▶ Task brief
Pictures are to be left out, and only the lines below starting at the one with "فإذا [تأملنا] (3)" and ending at the one with "If you combine" are to be reproduced, each exactly, both ends included.

▶ Data to process
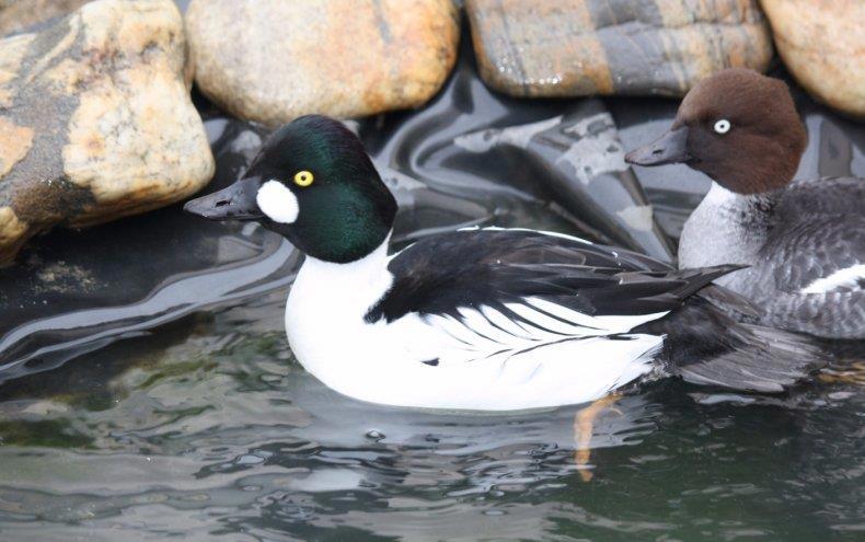 Ребята-а! Красота неописуемая! Туловище – чёрно-белая графика, на голове –  изумрудно-зелёная шапочка, а лапы – ярко-красные. И золотые глаза. Англичане их так и называют «золотоглазые».
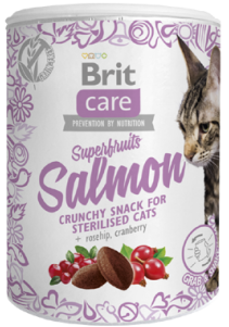 Brit Care Cat Superfruits Salmon is a crunchy, grain-free snack specially designed for the needs of neutered cats.
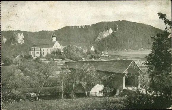 Ak Beuron an der Donau Württemberg, Teilansicht mit Donau Holzbrücke
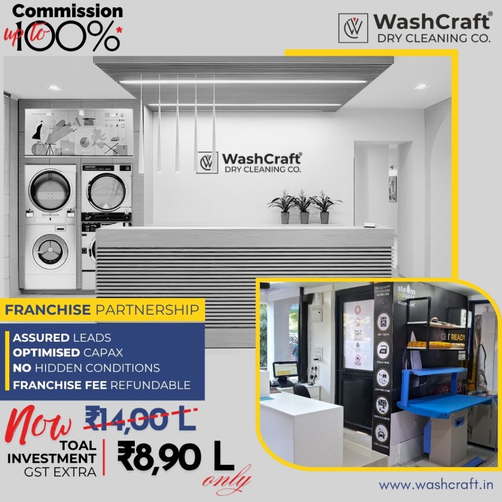 Investing heavily in a large-scale setup before any actual demand has materialized is a significant risk that businesses often face. In the dry cleaning industry, a new venture typically begins by processing an average of 60 to 70 garments per day. Under these circumstances, investing in expensive machinery is not only avoidable but also serves to inflate operational costs manifold. The WashCraft QuickLite model can prove to be a highly prudent first step for your business. This is a highly efficient mini-setup that works in a shop of just 250 to 350 square feet. This is the perfect size for your business—one that is designed to scale and grow right alongside you. It is available at an affordable price of just ₹8,90,000, a package that includes highly professional-grade equipment, a branded mobile app, and lifetime marketing support. This model is designed for the enterprising—specifically working professionals and women entrepreneurs—who subscribe to the “Karke Dekhte Hain” philosophy.
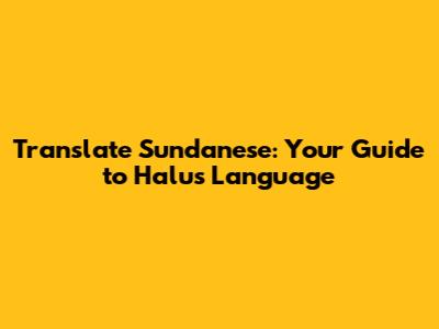 Translate Sundanese: Your Guide To Halus Language
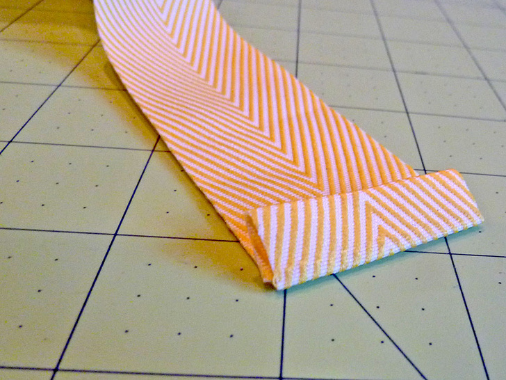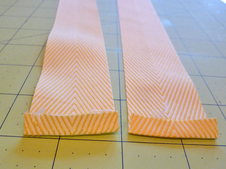 - Find the 30″ length of twill tape. On both ends, turn under the raw edge just once by ¼” and press.
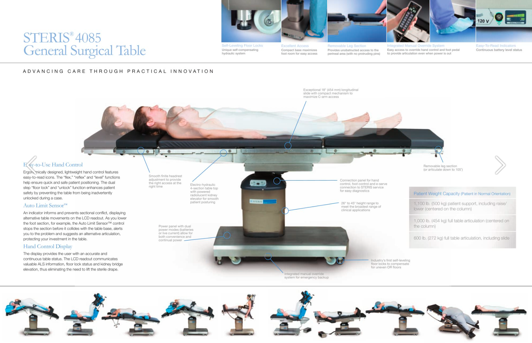 Additionally, it is equipped with a return-to-level button, an Auto Limit Sensor (ALS) to operate the table without unintended sectional collisions, and an intuitive hand control that instantly telegraphs table positioning data to caregivers. The table's smooth functioning hydraulic system is designed to provide safer, ergonomically structured movement for surgeon access to the operative site. The STERIS 4085SP Surgical Table is a reliable and cost-effective solution for various surgical specialties.
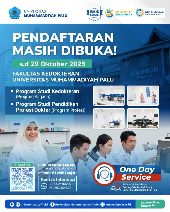 SULTENG RAYA- Fakultas Kedokteran (FK) Universitas Muhammadiyah (Unismuh) Palu memperpanjang masa penerimaan mahasiswa baru (PMB) hingga 29 Oktober 2025. Keputusan ini diambil guna memberikan kesempatan lebih luas kepada putra-putri terbaik bangsa, khususnya dari Sulawesi Tengah dan kawasan sekitarnya, untuk menempuh pendidikan kedokteran di kampus tersebut.
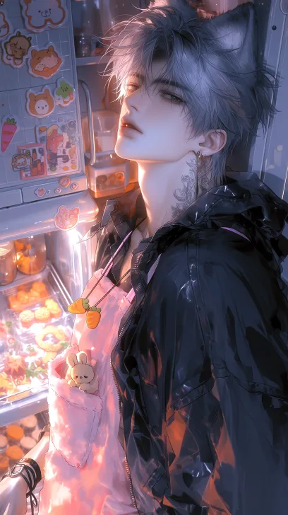 Midjourney Bot 更新时间:2026-03-06 00:09半写实风格,伪厚涂拟真,2.5d,酷帅男生,面部特写半身,男银灰色狼尾发,微湿凌乱,瓜子脸,锁骨处蔓延的藤蔓纹身,宽肩窄腰,上半身穿黑色修身针织衫,袖子挽到手肘,露出小臂线条,外面却套着一件毛茸茸的粉色兔子围裙,围裙口袋里还塞着一个胡萝卜玩偶,动作是双手抱臂靠在厨房料理台边,眉头微蹙,一脸不耐烦地看着镜头,表情又冷又嫌弃,饰品包括脖子上挂着一条卡通胡萝卜项链,手腕上缠着黑色皮绳,背景是可爱的甜品厨房,身后料理台上摆着各种卡通模具、彩色糖针、小熊形状的饼干,冰箱上贴满了小猫小狗的磁贴,烤箱里透出暖黄色的光,对角构图,眼睛细长冷漠,侧上方俯拍突出那张冷脸和滑稽围裙的反差 --ar 9:16 --stylize 300 --niji 7 --profile jktkk9o --no 下半身,过长的手指,动物
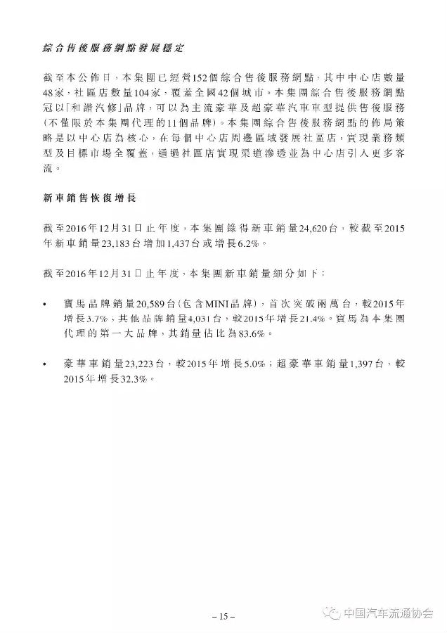百强汽车经销商集团“和谐汽车”2016年度经营业绩公布
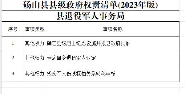 【其他权力】砀山县退役军人事务局其他权力清单
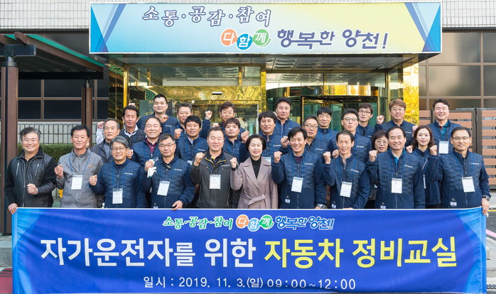 지난 3일 김수영 서울 양천구청장이 양천홀과 후정 주차장에서 열린 자동차정비교실에 참석해 “응급상황에 보다 능동적으로 대처할 수 있도록 강화된 이번 교육에 적극적으로 참여해 주시기를 바란다”고 말했다. 사진은 김 구청장(앞줄 오른쪽 다섯 번째)이 강사들과 기념사진을 찍고 있는 모습. (사진제공=양천구청)
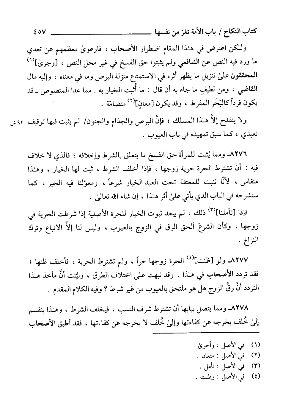 فإذا [تأملنا] (3) ذلك، لم يبعد ثبوت الخيار للحرة الأصلية إذا شرطت الحرية في زوجها، وكأن الشرعَ ألحق الرق في الزوج بالعيوب، وليس لنا إلاَّ الاتباع وترك النزاع.
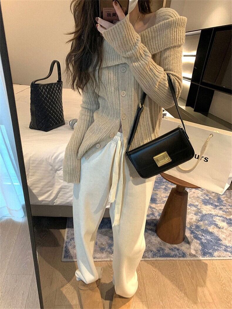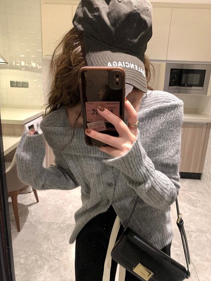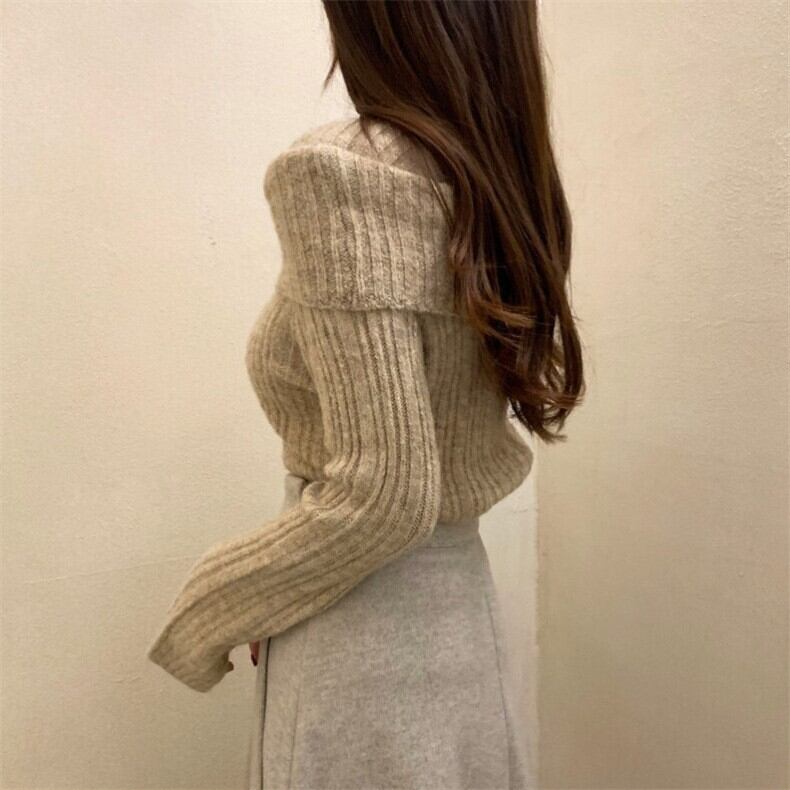 美学グランジ Y2k プルオーバーオフショルダーセクシースリムボトムセータージャージグレーセーターニットトップス
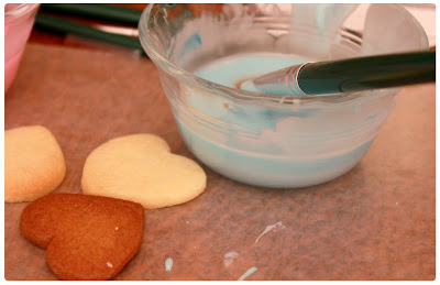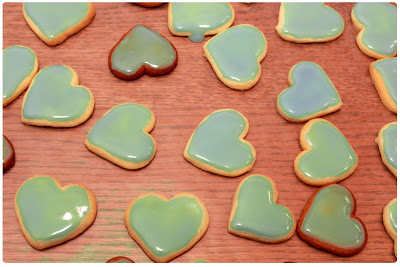 If you combine colors before the frosting as set, they will melt into each other and look like stained glass. If you prefer that colors stay distinct, wait until the first layer sets and then continue on with the detailing.
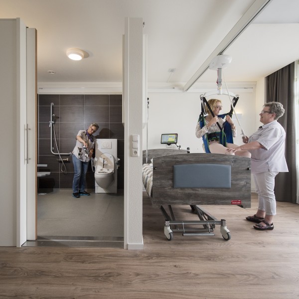 Dit systeem maakt het mogelijk de nieuwste trend op het gebied van tilliftsystemen in combinatie met schuifdeuren toe te passen. Betere en betaalbare zorg met minder handelingen en meer comfort voor de bewoner. De nieuwe standaard voor verpleegafdelingen.
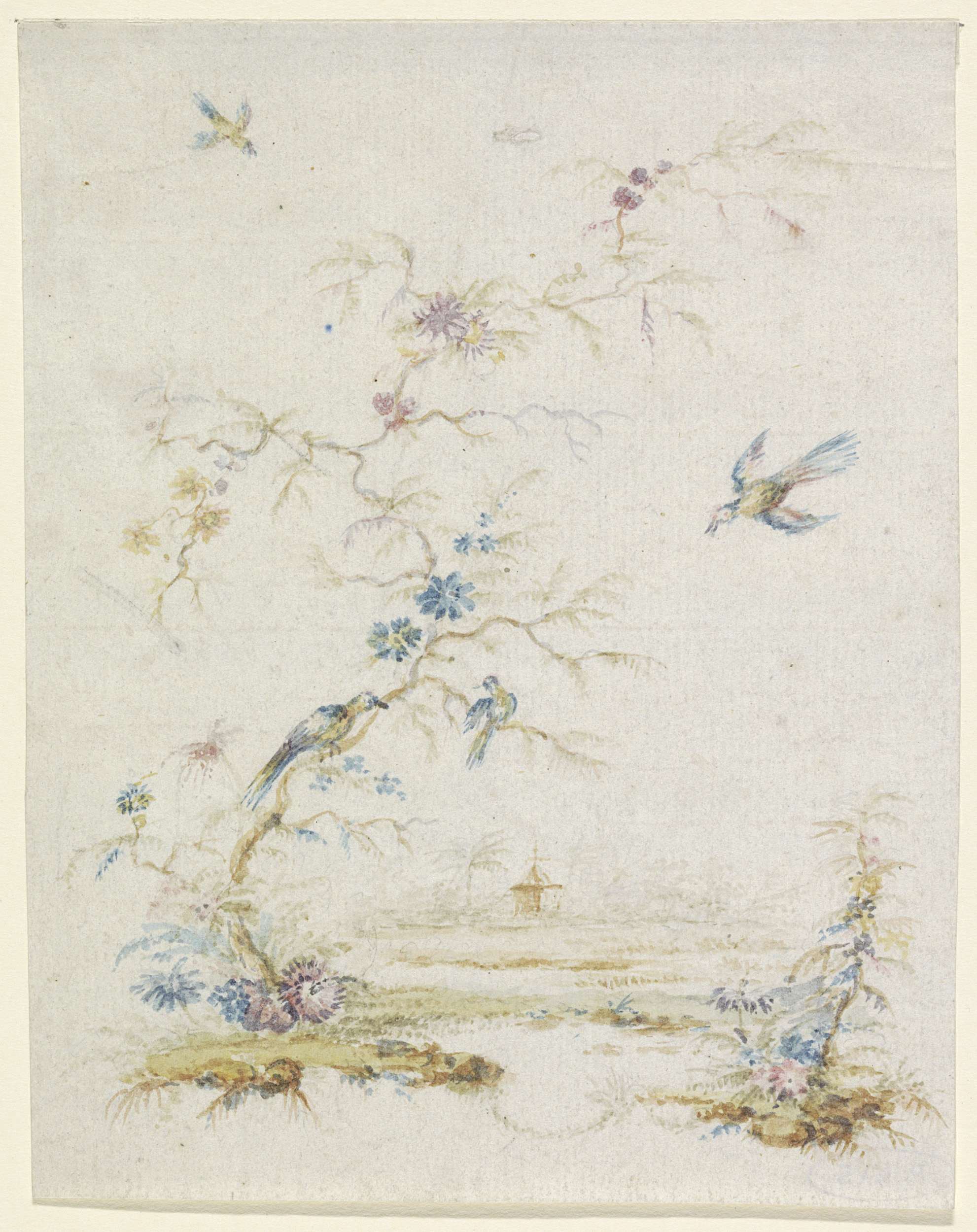 Boom met vogels

▶ Worked solution
 فإذا [تأملنا] (3) ذلك، لم يبعد ثبوت الخيار للحرة الأصلية إذا شرطت الحرية في زوجها، وكأن الشرعَ ألحق الرق في الزوج بالعيوب، وليس لنا إلاَّ الاتباع وترك النزاع.
 美学グランジ Y2k プルオーバーオフショルダーセクシースリムボトムセータージャージグレーセーターニットトップス
 If you combine colors before the frosting as set, they will melt into each other and look like stained glass. If you prefer that colors stay distinct, wait until the first layer sets and then continue on with the detailing.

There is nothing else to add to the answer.